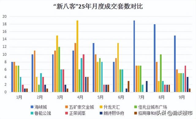 河西南“新八客”一直是区域成交主力永华配资,那这几个小区今年共及成交情况,和月度对比情况怎样,据不完全统计,8各项目1-9月成交情况如下,海峡城、五矿崇文金城、升龙天汇三个小区分别以112、83、81套的成交量,占据河西南前三名(同时也是整个河西前三名),海峡城在三季度成交非常迅猛,升龙天汇三季度表现一般,城市广场价格下降以后,成交了逐渐开始追赶。其他小区中永华配资,正荣润峯出现2个月0成交,招商雍和府7月没有成交。朗诗熙华府和招商雍和府在“新八客”中属于低活跃度小区。
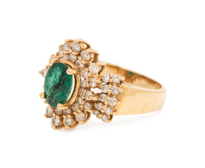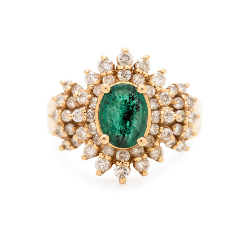Containing one oval shape mixed cut emerald measuring approximately 8.10 x 6.10 x 3.50 mm and 52 round brilliant cut diamonds weighing approximately 0.52 carat total. Mounted in yellow gold.
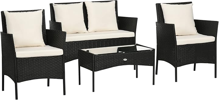 Outsunny salottino in rattan da giardino con tavolino mobile da esterno IT860-259V00BK0631
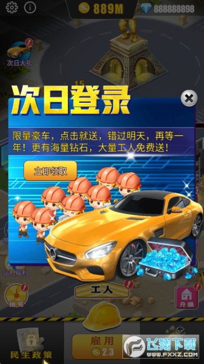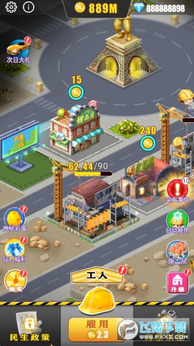 模拟城市我是首富是一款模拟类的游戏。用户将会变成一个地产大亨,你会拥一块属于自己的地基、你需要不断的招募工人,建造属于你的房子,每一个房子的作用不同带给用户的报酬也是不一样的。快来这里当个老板试试你能不能赚零花吧。

• Work instruction: The whole listing must come back verbatim, with no pictures included.

• Exercise result:
 河西南“新八客”一直是区域成交主力永华配资,那这几个小区今年共及成交情况,和月度对比情况怎样,据不完全统计,8各项目1-9月成交情况如下,海峡城、五矿崇文金城、升龙天汇三个小区分别以112、83、81套的成交量,占据河西南前三名(同时也是整个河西前三名),海峡城在三季度成交非常迅猛,升龙天汇三季度表现一般,城市广场价格下降以后,成交了逐渐开始追赶。其他小区中永华配资,正荣润峯出现2个月0成交,招商雍和府7月没有成交。朗诗熙华府和招商雍和府在“新八客”中属于低活跃度小区。
Containing one oval shape mixed cut emerald measuring approximately 8.10 x 6.10 x 3.50 mm and 52 round brilliant cut diamonds weighing approximately 0.52 carat total. Mounted in yellow gold.
 Outsunny salottino in rattan da giardino con tavolino mobile da esterno IT860-259V00BK0631
 模拟城市我是首富是一款模拟类的游戏。用户将会变成一个地产大亨,你会拥一块属于自己的地基、你需要不断的招募工人,建造属于你的房子,每一个房子的作用不同带给用户的报酬也是不一样的。快来这里当个老板试试你能不能赚零花吧。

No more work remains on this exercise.